2. While the term “self-plagiarism” is widely used, we prefer the ethically neutral term “text recycling.” Cary Moskovitz describes the essential problem with the term “self-plagiarism” in this way: “Self-plagiarism is increasingly used as a label for [textual] reuse; however, that term is problematic for two reasons: It labels as deviant all occasions of a practice that is often legitimate, and it excludes common examples of replication that do not involve reusing one’s own material” (Moskovitz Citation2016, p. 5).

3. In some fields, such as biomedical studies, text recycling, redundant publication, and “salami slicing” (when researchers publish their results as many small individual papers rather than as a single comprehensive study) have become so pervasive that many editors, journals, and professional organizations have condemned all such practices as unethical (see, for example, the Office of Research Integrity’s statement about “Self-Plagiarism” [Citation2017] and BioMed Central’s editorial guidelines for text recycling [Citation2017]).

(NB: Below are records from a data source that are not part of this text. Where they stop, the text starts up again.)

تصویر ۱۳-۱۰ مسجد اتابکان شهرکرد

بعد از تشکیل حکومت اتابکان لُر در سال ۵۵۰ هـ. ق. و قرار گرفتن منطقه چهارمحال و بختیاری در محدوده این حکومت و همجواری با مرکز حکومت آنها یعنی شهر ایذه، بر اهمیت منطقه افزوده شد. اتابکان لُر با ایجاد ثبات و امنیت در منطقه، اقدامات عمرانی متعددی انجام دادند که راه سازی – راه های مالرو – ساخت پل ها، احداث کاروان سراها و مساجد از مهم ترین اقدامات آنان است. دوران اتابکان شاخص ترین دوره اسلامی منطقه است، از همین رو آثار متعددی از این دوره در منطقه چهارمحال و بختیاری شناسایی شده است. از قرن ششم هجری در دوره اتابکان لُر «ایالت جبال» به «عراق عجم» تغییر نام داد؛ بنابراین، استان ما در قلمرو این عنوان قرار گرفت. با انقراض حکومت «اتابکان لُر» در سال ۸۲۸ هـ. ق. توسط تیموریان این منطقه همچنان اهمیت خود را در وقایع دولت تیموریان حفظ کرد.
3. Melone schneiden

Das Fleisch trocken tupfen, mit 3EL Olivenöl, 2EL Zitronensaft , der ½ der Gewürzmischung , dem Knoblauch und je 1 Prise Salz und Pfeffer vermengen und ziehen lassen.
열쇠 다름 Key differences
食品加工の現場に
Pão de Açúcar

4. “Journal editors should consider publishing a retraction article when: There is significant overlap in the text, generally excluding methods, with sections that are identical or near identical to a previous publication by the same author(s)” (https://publicationethics.org/text-recycling-guidelines).

5. A 2015 article by Aad et al. (Citation2015) about the Large Hadron Collider in Physical Review Letters, in fact, credited 5,154 co-authors. This practice is sometimes referred to as “hyperauthorship.”

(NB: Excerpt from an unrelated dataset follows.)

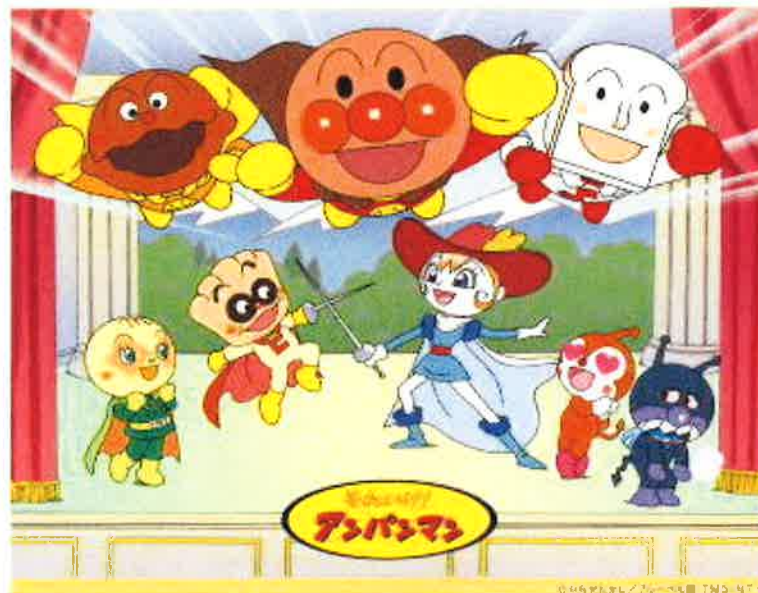
「それいけ！アンパンマン ショー～なきむしヒーローとゆうきのきし～」の告知ビジュアル

なお、本企画は、当ホテルが推進する「生涯顧客（ファン）」づくりの一環として、親子3世代で参加できる催しとしてご案内するものです。
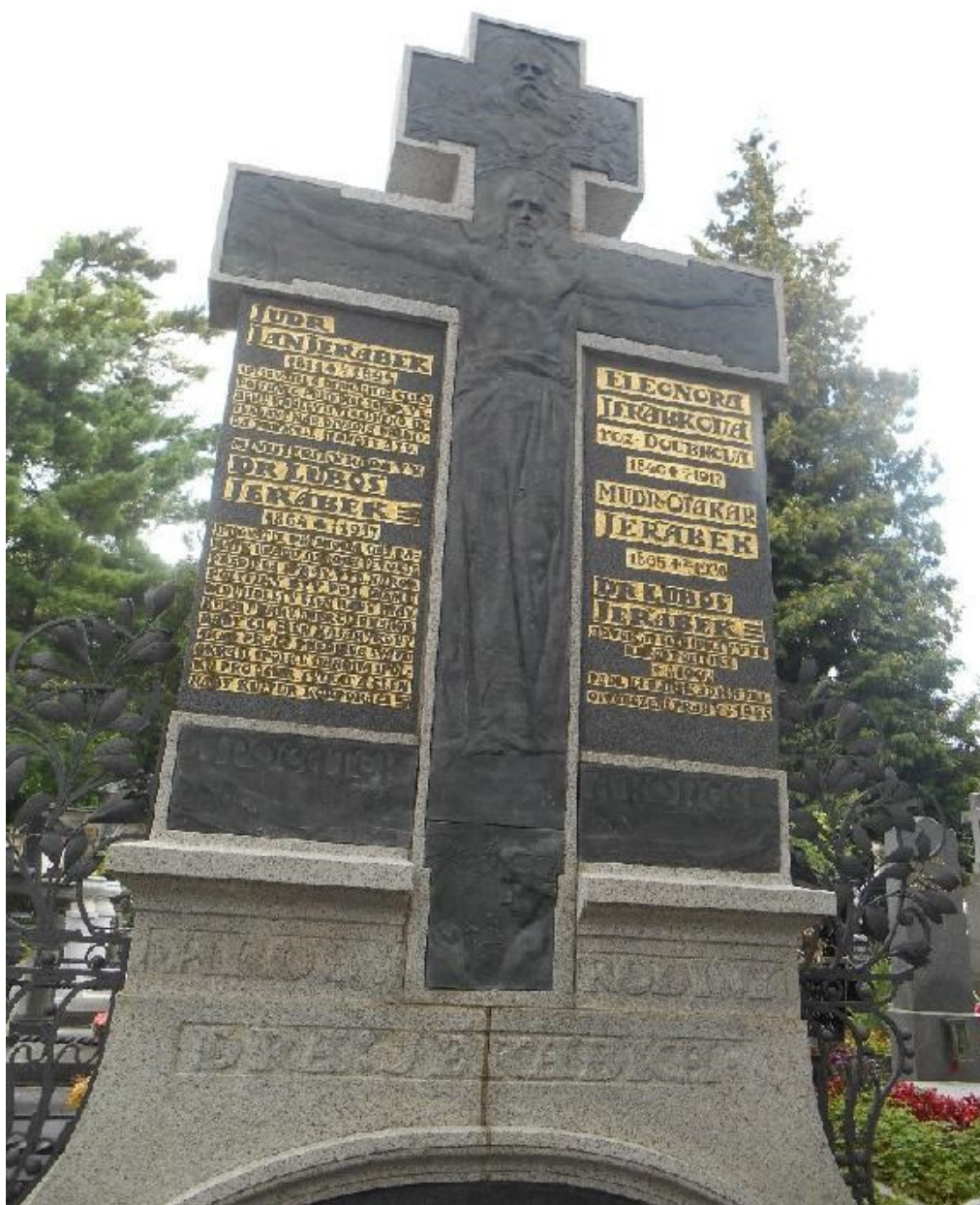
Příloha 9: Rodinná hrobka. Hřbitov sv. Matěje, Praha – Dejvice, autor: Helena Poche

6. We only included journals for which all published articles contain an English-language version. This eliminated two multi-lingual international journals in the field of classics. We made this choice in order to eliminate the variable of language from our study and to avoid sending the survey to someone whose work on a journal is primarily or exclusively on submissions in a language other than English. We did include journals based outside of Anglophone countries when the journal was published entirely in English.

7. NANO Letters was classified as a top journal in both chemistry and physics.

8. All quotations in this section from survey respondents are reproduced exactly, preserving mistakes, inaccuracies, and irregularities in grammar, spelling, and syntax.